Although we illustrate, in two distinct practical examples, the benefits of using our algorithm, there are limitations to our approach. One major limitation is the grid-based approach we use in our algorithm. While this approach is reasonable for the relatively simple models we tested here, it is unfeasible for more complex models (models with either more parameters or more stimuli dimensions). This is because if we use the same sized grid for each parameter, the number of points increases exponentially with the number of parameter dimensions or stimuli dimensions (DiMattina,
2015). For more complex models, these grids could exceed the RAM memory available in certain computers, preventing our algorithm from being applicable. In addition, more complex models will require more time to compute the optimal stimulus. For example, it takes approximately 100 ms with our current models; the additional time increase may render the current implementation unfeasible for more complex models.
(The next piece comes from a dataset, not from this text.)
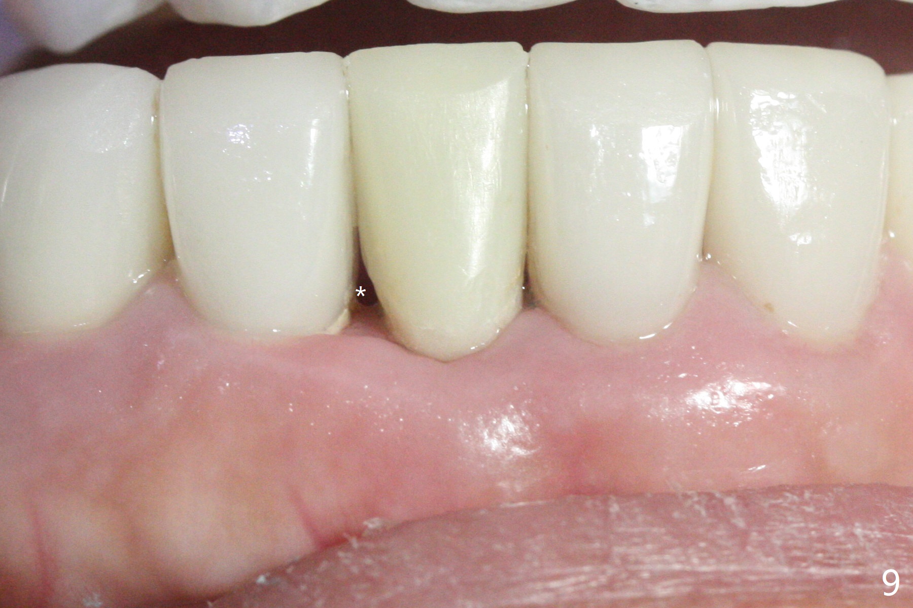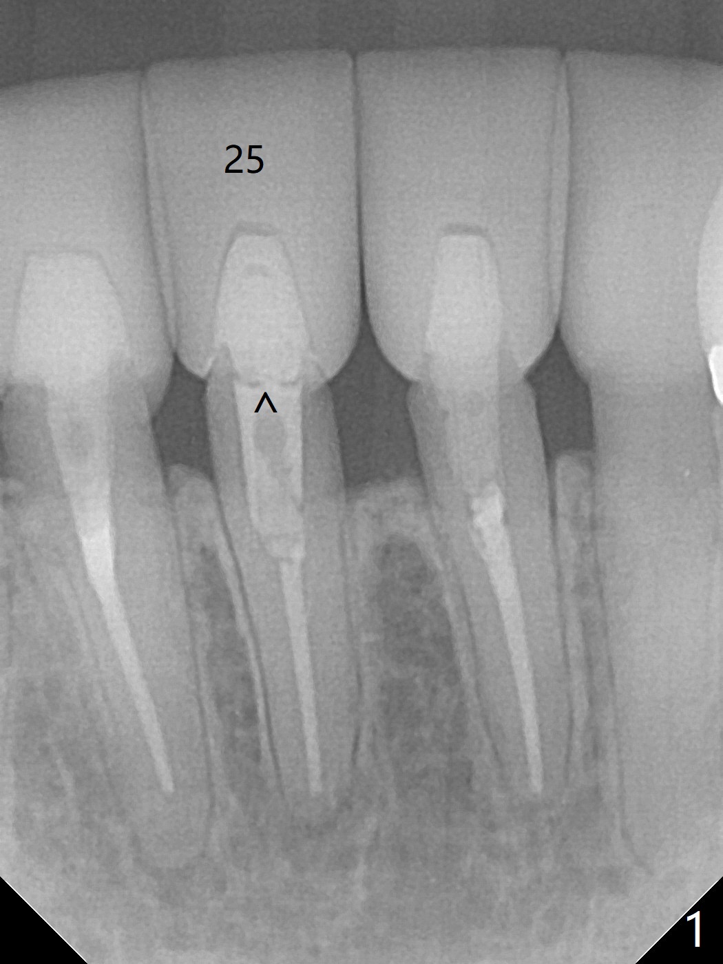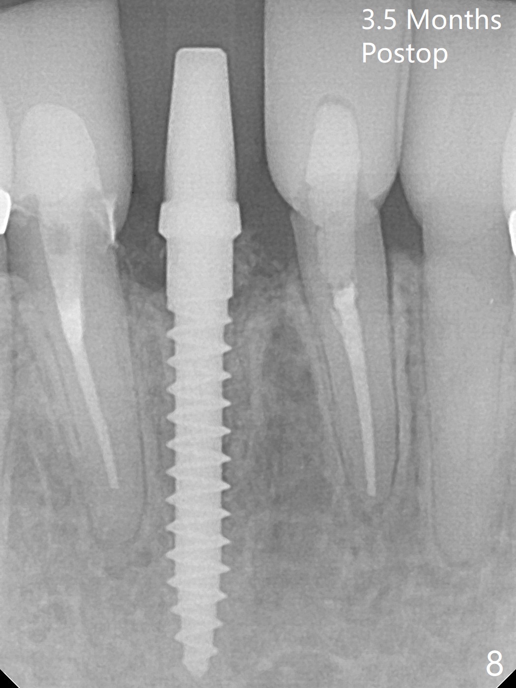 A drawback of implant planning at #25 is not to use a preop PA (Fig.1 (^ fracture line)). The initial trajectory seems to be alright (Fig.2), but a 2.5x14(2) mm implant placed is close to the tooth #26 (Fig.3). In fact the affected tooth is deviated distal; osteotomy should be initiated in the mesial slope of the socket (Fig.4 red line). The final trajectory appears to be perfect (Fig.5). Furthermore the 1st intraop PA should be analyzed carefully (Fig.6). A new osteotomy should be established mesial or the existing one should be moved mesial with Lindamann bur (Fig.7). The distal implant placement may be related to more bone loss in the distal crest 3.5 months postop (Fig.8) and more severe distal papillary recession (Fig.9 *). The bone density increases at the levels of the non-thread and thread portions of the implant (in the original socket) nearly 10 months post cementation (Fig.11 *, <). There is no bone loss 16 months post cementation (Fig.12).

Fortunately, there are a number of different approaches that can compensate for these problems. One method is to use an adaptive approach to selecting the number of grid points and their positions (Kim, Pitt, Lu, Steyvers, & Myung,
2014; Pflüger, Peherstorfer, & Bungartz,
2010). The notion is that the contribution of each point in the parameter space is not equal and thus more points should be used for more informative regions of the parameter space. This approach, previously suggested in the context of parameter estimation (DiMattina,
2015), could allow our algorithm to scale to higher dimensional models, or to more than three models. Another alternative solution is to use an analytic approximation to the parameter posterior—for example, by using a Laplace approximation (DiMattina,
2015) or by a sum-of-Gaussians (DiMattina & Zhang,
2011)—and compute the optimal stimuli based on the approximated posterior. With such an approximation it is only necessary to maintain the parameters for the approximation rather than large grids. Again this allows our algorithm to scale up to higher dimensions and more models. However, this comes at the computational cost of having to refit each of these approximations to every model on each trial. As the time required to evaluate the likelihood typically increases approximately linearly with the number of data points, this means the time required to refit these approximation increases with the duration of the experiment (DiMattina,
2015). Additionally, if the shapes of the posteriors are a poor match to these approximations (for example, highly skewed distributions are poorly approximated using a Laplace approximation), then this approach may perform poorly compared to grid approximations that present a nonparametric method of representing the posterior (DiMattina,
2015). Given that these different approaches have distinct costs and benefits, it is important to quantitatively test them to see how each performs in terms of accuracy, computation time, and memory usage. A detailed comparison of this type has been performed in terms of adaptive stimulus selection for parameter estimation (DiMattina,
2015), but to our knowledge, no such analysis has been performed for model comparison. An important avenue for further work would be to explicitly compare our algorithm to other existing algorithms (DiMattina,
2016; Cavagnaro et al.,
2010) to identify the relative costs and benefits of each approach.